In our experiments, we simulate the electric drive system under various fault scenarios to generate synthetic vibration data. We assume linear and nonlinear interactions among components, using differential equations to model their dynamics. For instance, the motor vibration might follow a forced oscillation equation:
$$m \ddot{x} + c \dot{x} + k x = F(t) + \epsilon(t)$$
where m, c, k are mass, damping, and stiffness parameters, F(t) is the electromagnetic force, and ε(t) represents fault-induced disturbances. By solving such equations numerically, we produce time-series data that mimic real-world signals. This synthetic data supplements empirical measurements, enhancing the training dataset for the CNN. We also explore the impact of data quality on prediction accuracy; missing data points are handled via interpolation or exclusion, but future work could integrate generative models to fill gaps.
The integration of EMD and CNN offers a robust framework for fault prediction in electric drive systems. However, challenges remain, such as handling high noise levels or adapting to varying operating conditions. To address this, we propose adaptive weighting of IMF components based on signal-to-noise ratios. Additionally, we consider extending the model to multi-modal data fusion, incorporating temperature or current signals alongside vibrations. This would require modifying the CNN to accept heterogeneous inputs, potentially using separate branches for each data type. The overall system architecture thus evolves towards a comprehensive health monitoring platform for electric vehicles.
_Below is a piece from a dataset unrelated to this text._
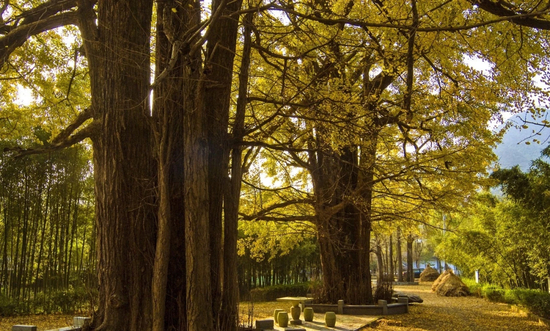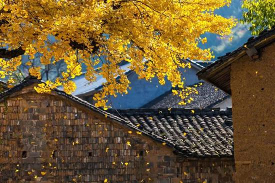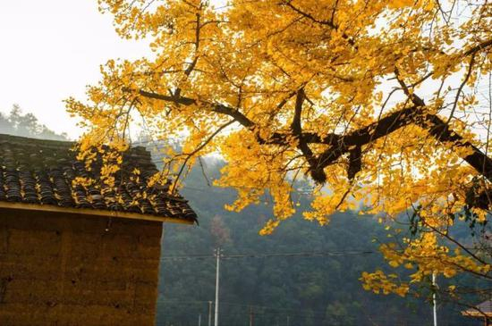 数千棵银杏树分布在村落人家的院子内,田埂边,小巷口。

In conclusion, our approach demonstrates the efficacy of combining empirical mode decomposition with convolutional neural networks for vibration-based fault prediction in centralized electric drive systems. By decomposing complex signals into intrinsic mode functions and leveraging deep learning for pattern recognition, we achieve high accuracy in identifying potential failures. This methodology not only improves the reliability of electric drive systems but also paves the way for predictive maintenance in automotive applications. Future research will focus on real-time implementation, handling data deficiencies, and incorporating additional sensor modalities to further enhance the system’s diagnostic capabilities.